■ ENTRIES SHOWN
..........

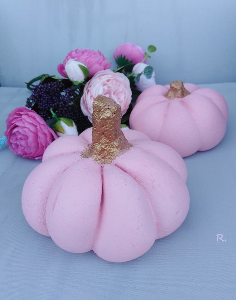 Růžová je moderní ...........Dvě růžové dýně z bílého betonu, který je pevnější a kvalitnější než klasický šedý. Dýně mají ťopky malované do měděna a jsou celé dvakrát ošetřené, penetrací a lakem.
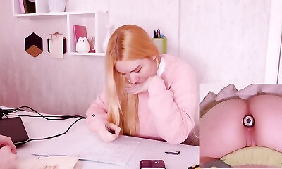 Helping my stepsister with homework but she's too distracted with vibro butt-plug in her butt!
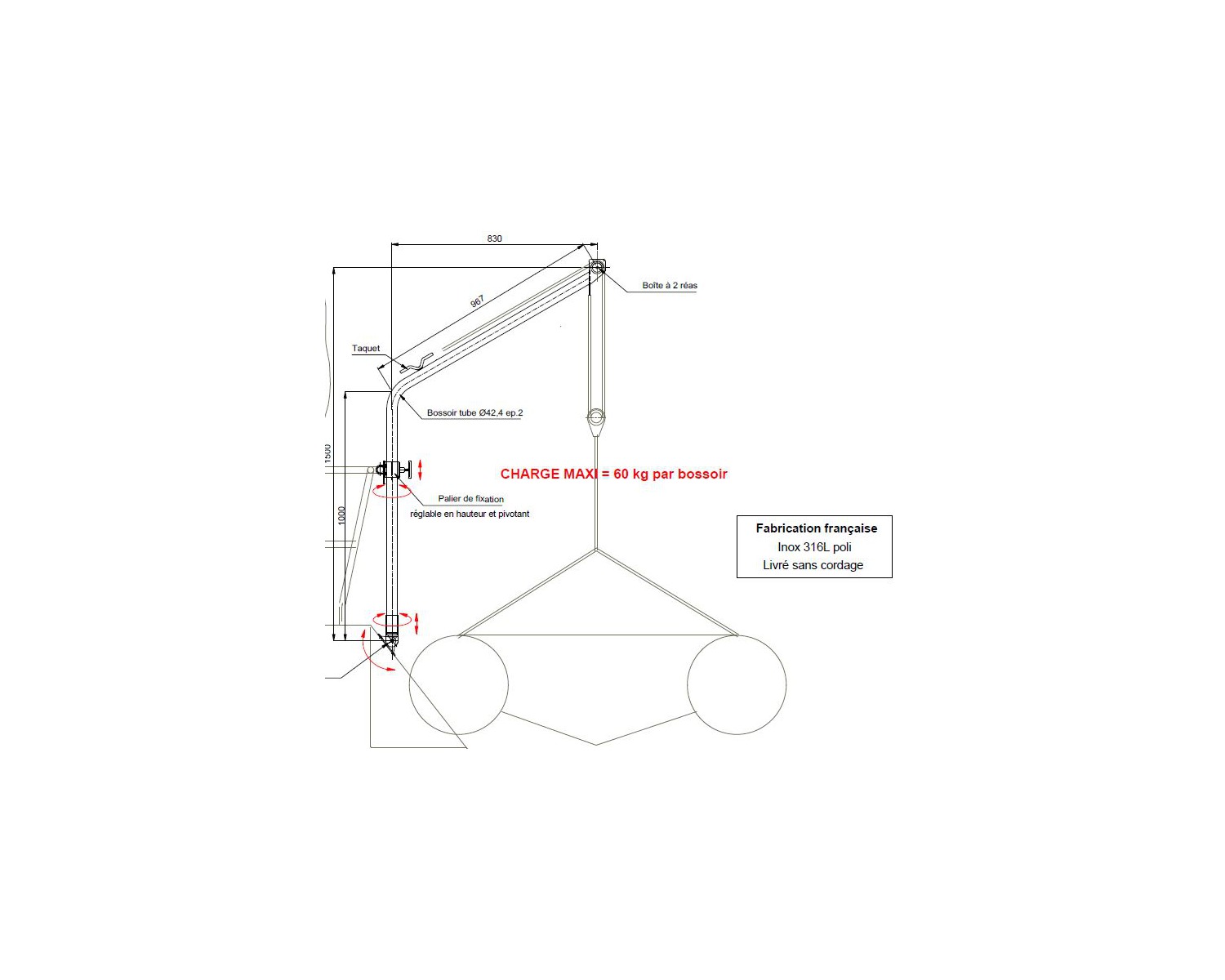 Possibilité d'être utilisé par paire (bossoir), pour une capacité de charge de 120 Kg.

..........

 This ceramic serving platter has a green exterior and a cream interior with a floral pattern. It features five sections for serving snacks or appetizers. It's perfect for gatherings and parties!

..........

■ ABOUT THIS TASK
Within the listing above, the lines starting at the one containing "Růžová je moderní" and ending at the one containing "Possibilité d'être utilisé" are to be returned exactly. Omit the pictures.

■ YOUR SOLUTION
 Růžová je moderní ...........Dvě růžové dýně z bílého betonu, který je pevnější a kvalitnější než klasický šedý. Dýně mají ťopky malované do měděna a jsou celé dvakrát ošetřené, penetrací a lakem.
 Helping my stepsister with homework but she's too distracted with vibro butt-plug in her butt!
 Possibilité d'être utilisé par paire (bossoir), pour une capacité de charge de 120 Kg.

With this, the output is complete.